> [Task requirements]:
Your job is to print, exactly, the lines in the data below from the line with "CIUDAD DE MÉXICO, 19ABRIL2026.- Se" through the line with "Manchester City v", both included, and to omit any picture.

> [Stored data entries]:
_____
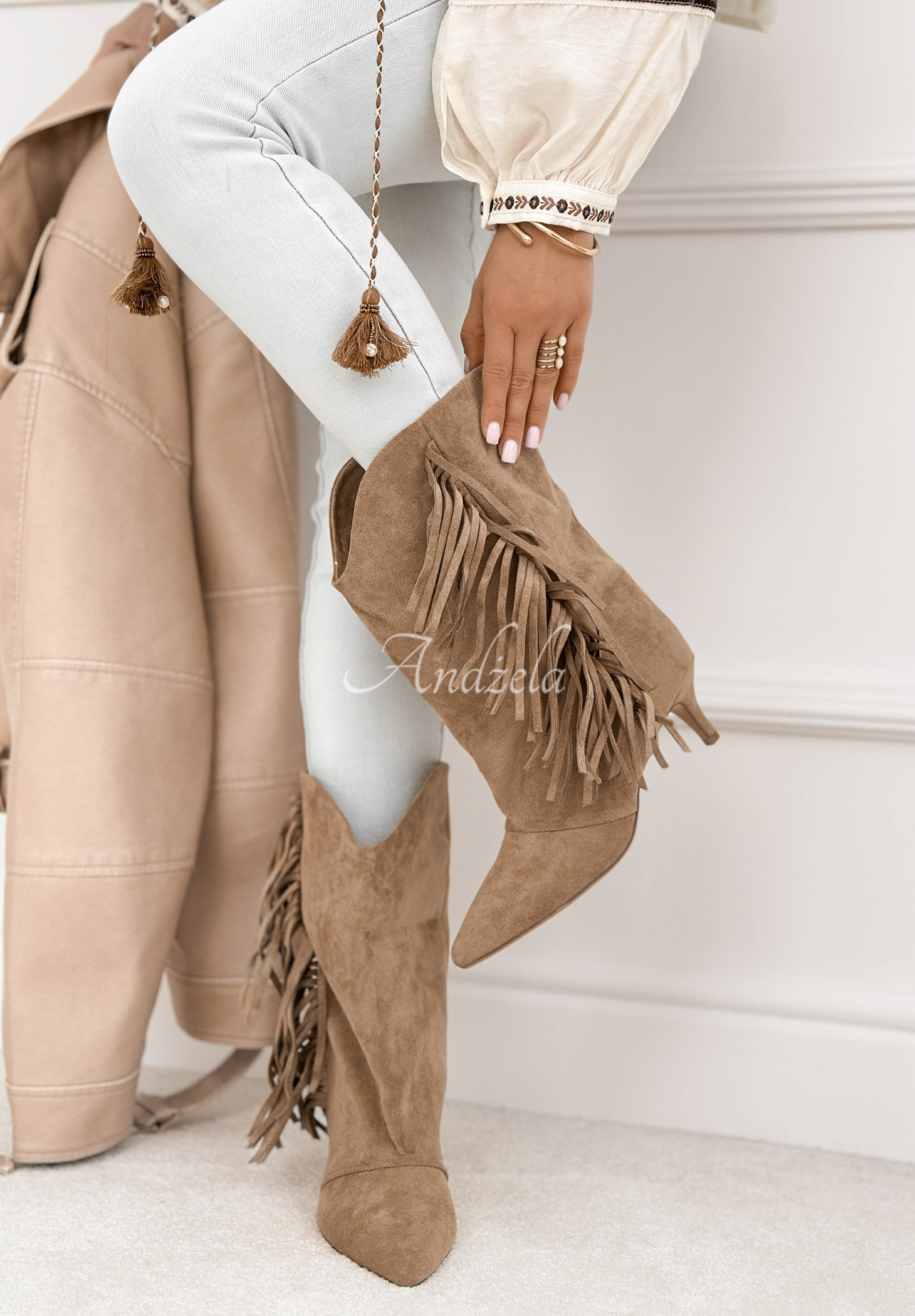 Botine din piele întoarsă, cu toc subțire mai jos, decorate cu franjuri. Este un model fără închidere, cu vârf ascuțit și căptușeală ușoară.
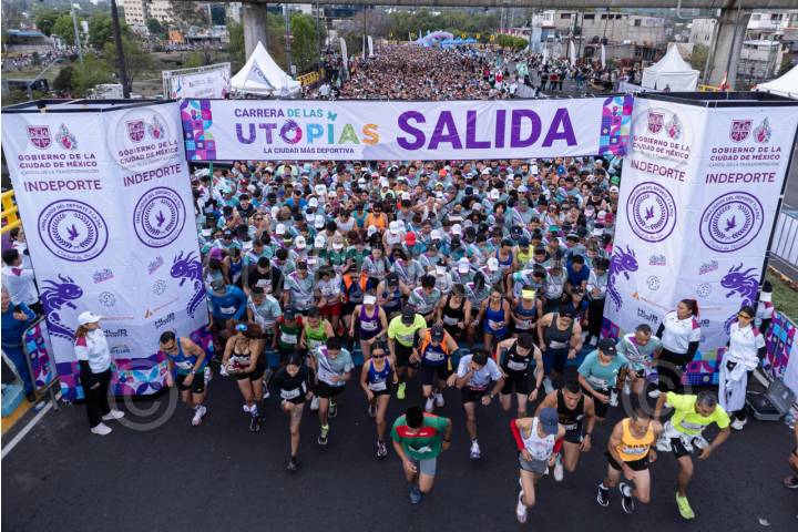 CIUDAD DE MÉXICO, 19ABRIL2026.- Se llevó a cabo la Carrera de las UTOPÍAS 8K 2026. Desde antes de las 7 de la mañana, las calles aledañas al Estadio Banorte comenzaron a llenarse de corredores que, entre estiramientos, fotografías y conversaciones se preparaban para tomar la salida. A las 7:30 horas, arrancó la competencia que, en su segunda edición, y como parte de un serial, correspondió a la letra “T”, de Transformación, reuniendo a 15 mil participantes en un recorrido de 8 kilómetros. En esta edición, la ruta se desarrolló en el circuito del Estadio Banorte. FOTO: GOBIERNO DE LA CIUDAD DE MÉXICO/CUARTOSCURO.COM
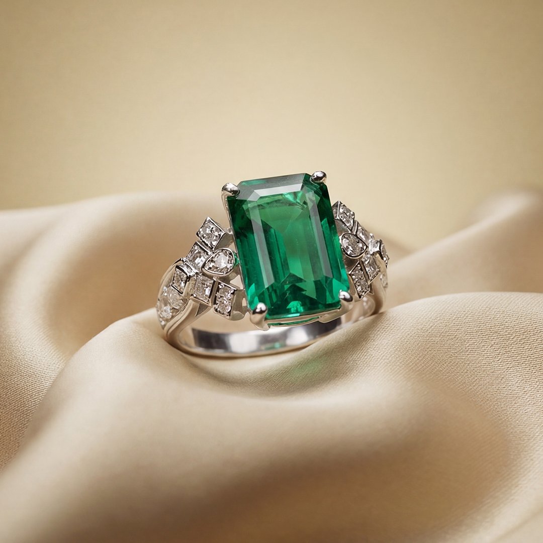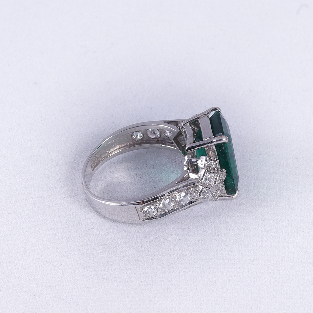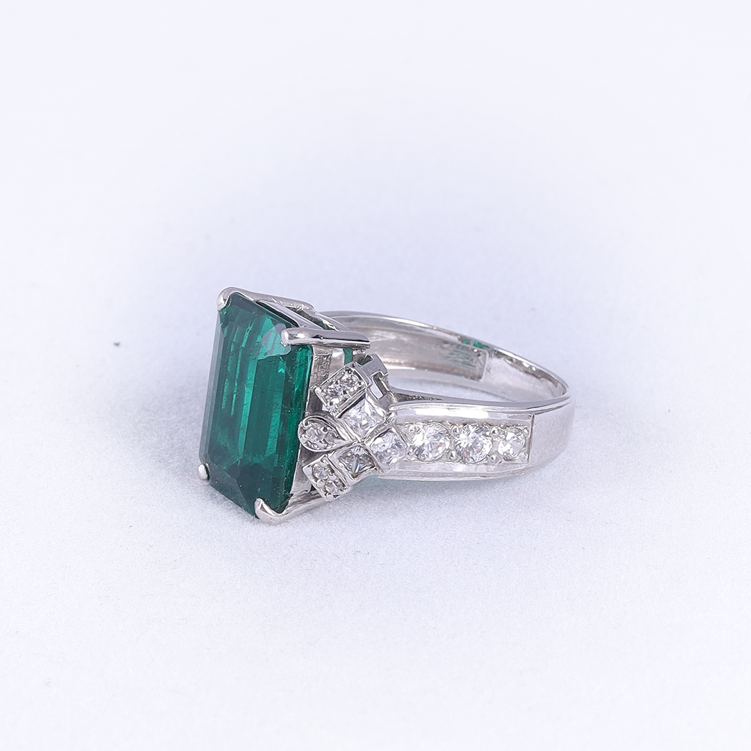 Gorgeous Green Zircon Statement Ring. Features a large emerald-cut center stone with brilliant side accents. Elegant, timeless, and budget-friendly luxury
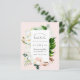 Summer botanical bridal shower invitation featuring watercolor tropical greenery against blush pink background. Your bridal shower details are displayed with stylish typography. As part of the budget selection here on Zazzle, these invitations do not come with envelopes nor do they fit snugly in a standard-sized envelope. The closest size is A6 but there will be a gap of approximately half an inch. If you don't mind the lack of snugness you could use such widely available A6 envelopes. Otherwise, this design can be transferred to a standard 5x7 format (which comes with envelopes) using the design transfer tool. As a rough guide, as of the time of writing, 100 budget invitations (including a volume discount) would cost around $39 whereas 100 standard 5x7 invites including envelopes would cost approximately $135. Your mileage may vary depending on Zazzle's available promo codes, site-wide sales, or changes in pricing.
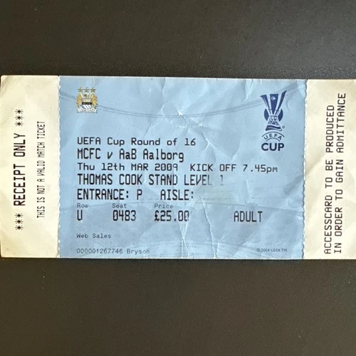Manchester City v Aab Aalborg(UEFA Cup 4th Round 2008/09)12/3/2009 Match Ticket
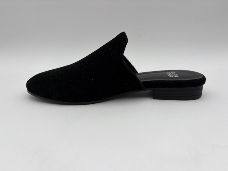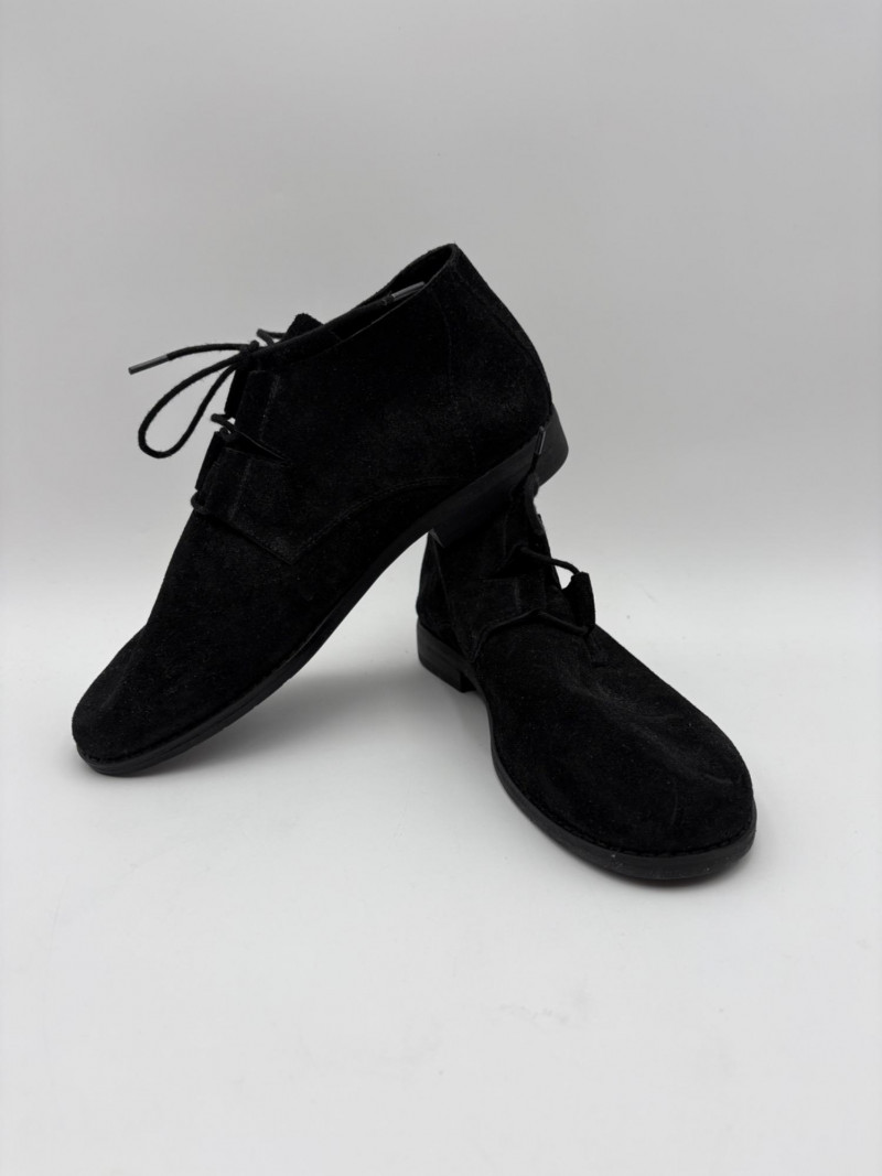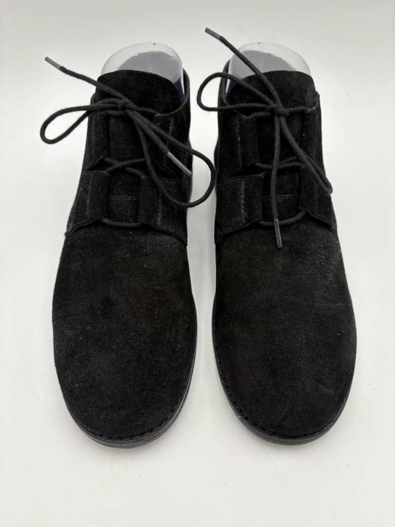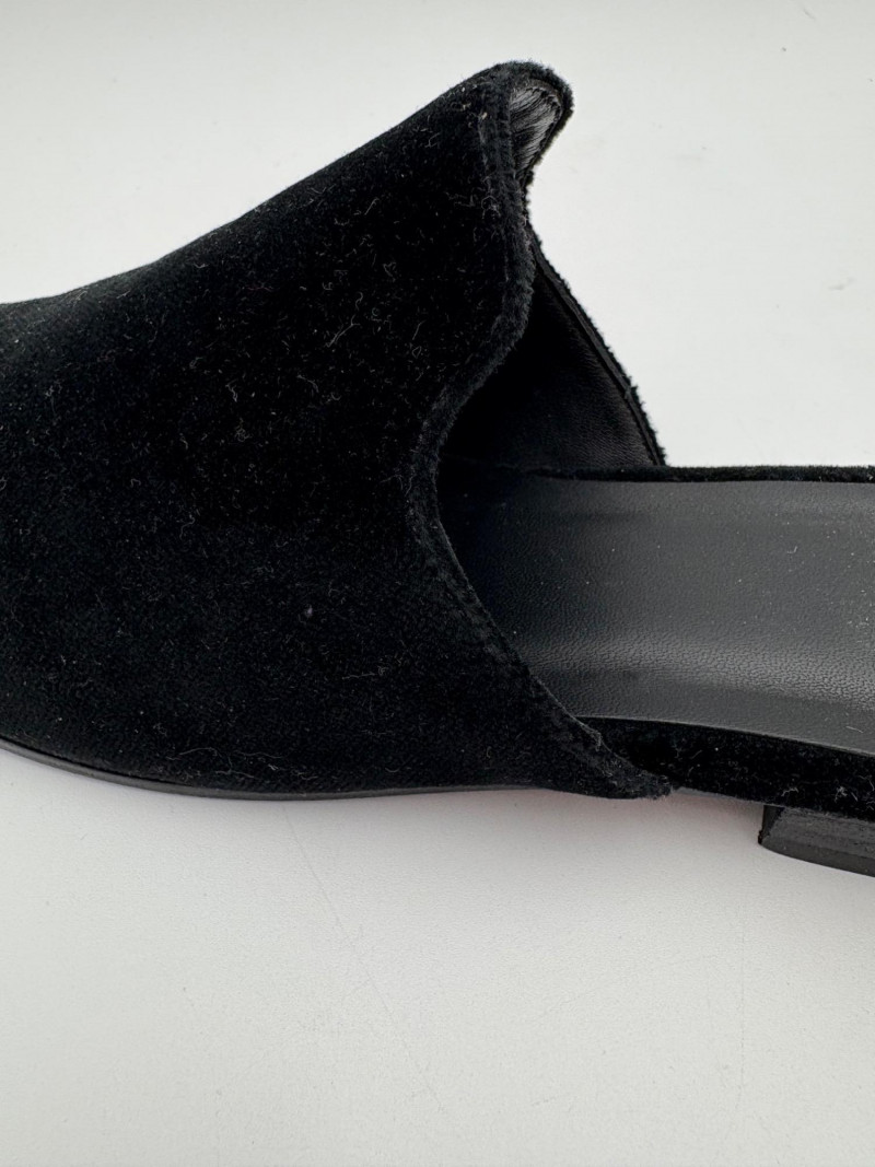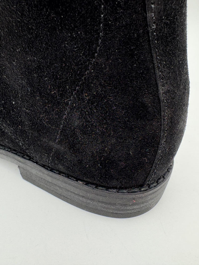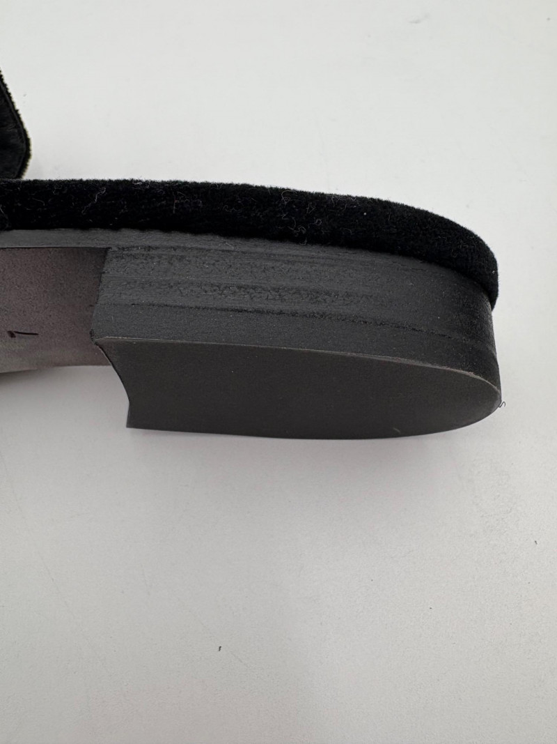 Eileen Fisher black velvet minimalist mules with stacked heel & leather sole. Appear to be new. Size 7. Eileen Fisher black suede ankle boots have unique tie over vamp and a stacked leather sole. Appear to be new. Size 7.
_____
> [Worked solution]:
 CIUDAD DE MÉXICO, 19ABRIL2026.- Se llevó a cabo la Carrera de las UTOPÍAS 8K 2026. Desde antes de las 7 de la mañana, las calles aledañas al Estadio Banorte comenzaron a llenarse de corredores que, entre estiramientos, fotografías y conversaciones se preparaban para tomar la salida. A las 7:30 horas, arrancó la competencia que, en su segunda edición, y como parte de un serial, correspondió a la letra “T”, de Transformación, reuniendo a 15 mil participantes en un recorrido de 8 kilómetros. En esta edición, la ruta se desarrolló en el circuito del Estadio Banorte. FOTO: GOBIERNO DE LA CIUDAD DE MÉXICO/CUARTOSCURO.COM
 Gorgeous Green Zircon Statement Ring. Features a large emerald-cut center stone with brilliant side accents. Elegant, timeless, and budget-friendly luxury
 Summer botanical bridal shower invitation featuring watercolor tropical greenery against blush pink background. Your bridal shower details are displayed with stylish typography. As part of the budget selection here on Zazzle, these invitations do not come with envelopes nor do they fit snugly in a standard-sized envelope. The closest size is A6 but there will be a gap of approximately half an inch. If you don't mind the lack of snugness you could use such widely available A6 envelopes. Otherwise, this design can be transferred to a standard 5x7 format (which comes with envelopes) using the design transfer tool. As a rough guide, as of the time of writing, 100 budget invitations (including a volume discount) would cost around $39 whereas 100 standard 5x7 invites including envelopes would cost approximately $135. Your mileage may vary depending on Zazzle's available promo codes, site-wide sales, or changes in pricing.
Manchester City v Aab Aalborg(UEFA Cup 4th Round 2008/09)12/3/2009 Match Ticket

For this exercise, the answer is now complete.